Approximately 60–70% of the direct greenhouse gas emissions in electric arc furnace (EAF) steelmaking originate from the use of fossil carbon charge during melting of steel scrap. Regarding short-term solutions to mitigate the climate impact of steelmaking, there is greater potential to replace fossil carbon charge with renewable carbon in the EAF than in integrated blast furnace steelmaking where mechanical strength requirements on carbon charge are too demanding. Therefore, the present study aims to provide an experimental and practical foundation for using renewable biochar in the EAF as a relatively simple step to decrease the climate impact of steelmaking.

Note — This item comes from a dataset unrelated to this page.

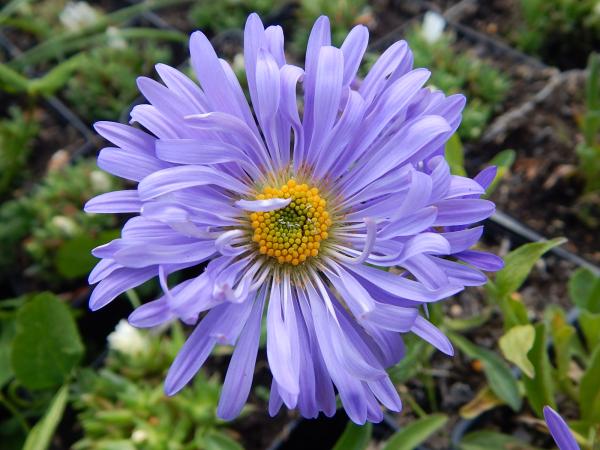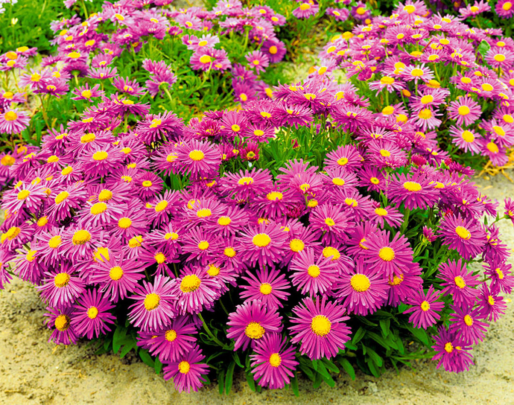 På salg kan du enkelt finne alpine asterbusker i forskjellige farger, presentert i containere.

In order to evaluate the inherent performance of biochar as a carburizing agent, lab-scale tests where completed using four different types of carbonaceous materials: synthetic graphite, anthracite coal and two types of biochar from woody biomass (BC1 and BC2). The first order dissolution rate constants from experiments ranged between 0.7 to 1.9 × 10−4 m/s, which agrees well with previously reported results. Furthermore, lab-scale results show that biochar properties commonly seen as detrimental, such as low carbon crystallinity and high porosity, do not necessarily constitute a disadvantage for biochar utilization as carburizer in steelmaking.
In order to further assess the results from lab-scale tests, an industrial trial including six consecutive heats was performed in a 50 t EAF at the Höganäs Halmstad Plant. Results show that 33% substitution of standard Anthracite carbon charge with biochar BC2 gave no deviation from normal operating conditions in the EAF.